Eddie Redmayne on portraying a serial killer in 'The Good Nurse'
LOS ANGELES —When award-winning actor Eddie Redmayne accepted the role of portraying Charles Cullen, a convicted serial killer who murdered possibly hundreds of patients during his 16-year career as a nurse, in the drama, "The Good Nurse," the English actor admitted he never heard of him.
"What I found astonishing was that this man may have been the most prolific serial killer in American history, and I'd never heard of him. Many of my American friends and colleagues also hadn't heard of him," the 40-year-old actor said.
"When I read the script, what I found extraordinary was that it unfolded in a way that refused to be boxed," he added. "On the one hand, it was about this man and what he did, but actually it was about this heroic woman who succeeded in stopping him where systems had failed to do that. But it was also a sort of relationship drama. It seemed to refuse to be bracketed, and I found that really unique and compelling."
The movie, helmed by Tobias Lindholm and written by Krysty Wilson-Cairns, is based on the 2013 true-crime book of the same name by Charles Graeber. The film also stars Jessica Chastain as nurse Amy Loughren who became Cullen's friend and who later was the one who alerted police after she became alarmed about Cullen's records of accessing drugs and his links to patient deaths.
Cullen admitted to the murder of 40 patients and was sentenced to 18 consecutive life sentences and is not eligible for parole until June 10, 2388.
We were able to interview Redmayne by Zoom.
How did you prepare for the role? I saw an interview with Jessica Chastain that you guys went to "nursing school" and you learned how to compress and sing "Stayin' Alive" while compressing.
Yeah. We went to "nursing school," Jess and me. And we started with the history of nursing and then as you say, CPR and that very specific thing of doing compressions to the rhythm of "Stayin' Alive."
But it transpired that I'm a pretty useless nurse. In the first take of the movie, I had to inject something, and I managed to stick a pin into my thumb. So, it started bad and didn't get much worse.
We had this amazing guy, Joe, a real-life nurse. A lot of the background artists were real medical professionals. They were all on set, so you constantly felt like your work was being watched by the real people and you didn't want to screw it up.
How would you characterize Charlie Cullen? Because he transformed from a soft-spoken wonderful guy to this monster. What do you think triggered him to do this stuff?
The film doesn't answer what triggered him. We have a thing as human beings that we want to know why, and I wanted to know why and what is the reason. Because if we know the reason, then we can other that person and go, "Well, he did it because of this, and I would never do that, and therefore I feel safe." But the reality is it's more complex than that.
Charlie, he had a very traumatic upbringing. He was abused age seven and tried to kill his abuser, age seven, and then tried to kill himself with lighter fluid, age seven. His mother, who he was very close to, died when he was 15. He was the first one to the hospital, and the hospital had lost her body.

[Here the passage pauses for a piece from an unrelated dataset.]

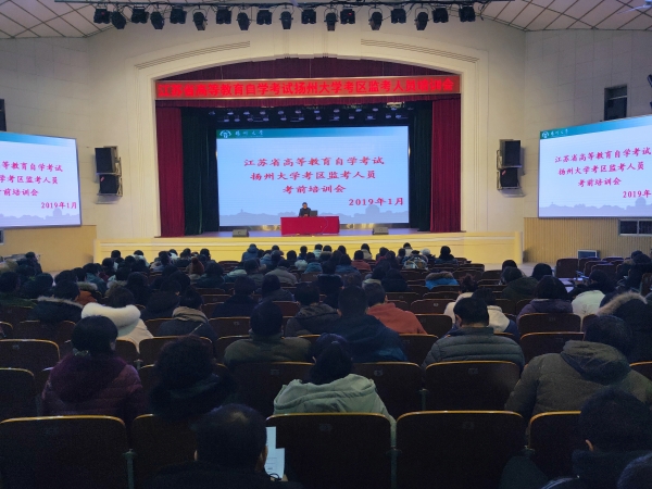 1月2日下午,我校在文汇路校区大礼堂举办了“江苏省高等教育自学考试扬州大学考区监考人员考前培训会”,会上传达了江苏省教育考试院对本次考试的工作与纪律要求。我校监察处负责人、继续教育处负责人出席会议并就考试纪律、监考考务、安全保卫等工作提出了具体工作要求,对监考和考务工作程序进行了系统的培训,要求全体参与考试工作的人员必须本着对考生负责、对考点负责、对学校负责的精神,明确工作职责、严格考试流程、严肃考风考纪,确保我校各考区考试工作的顺利进行。来自我校500多名监考、巡视和考务工作人参加了本次培训活动。

He then trained years later back at that same hospital. So, I always wondered if there was an element that was a fury at the system having failed him and his family and wanting to expose that.
But there is no one reason. For me, it was about trying to take as many of those things as I could and embed them in me and then see what came out in the moment.
Have you ever met Amy Loughren, the character that was portrayed by Jessica Chastain? Did she give you any advice about the character?
Yeah, we were lucky enough to spend quite a lot of time with Amy. She's just an amazing human being. It's actually one of the great gifts of making this movie, was getting to spend time with her.
She was absolutely essential into insight of playing Charlie because she described how he was two different people. She said it was a sort of dissociative thing.
He, on the one hand, was this kind, gentle, quite funny, self-deprecating and very fastidious nurse. Then she met this other human being twice, who was, she describes it as being an empty vessel, as being sort of staggeringly arrogant. This eye would drift off. But she said it was two different people.
She retains a complicated relationship with that. That was perhaps the most important thing — their love on the one hand because it meant that Jessica and I could really engage in the truth of that friendship.
And do you think you would make a good nurse?
No. I'm a useless nurse. Absolutely horrendous nurse. No. Lots of people would be dying on my watch. Absolutely not. Yeah. Useless nurse.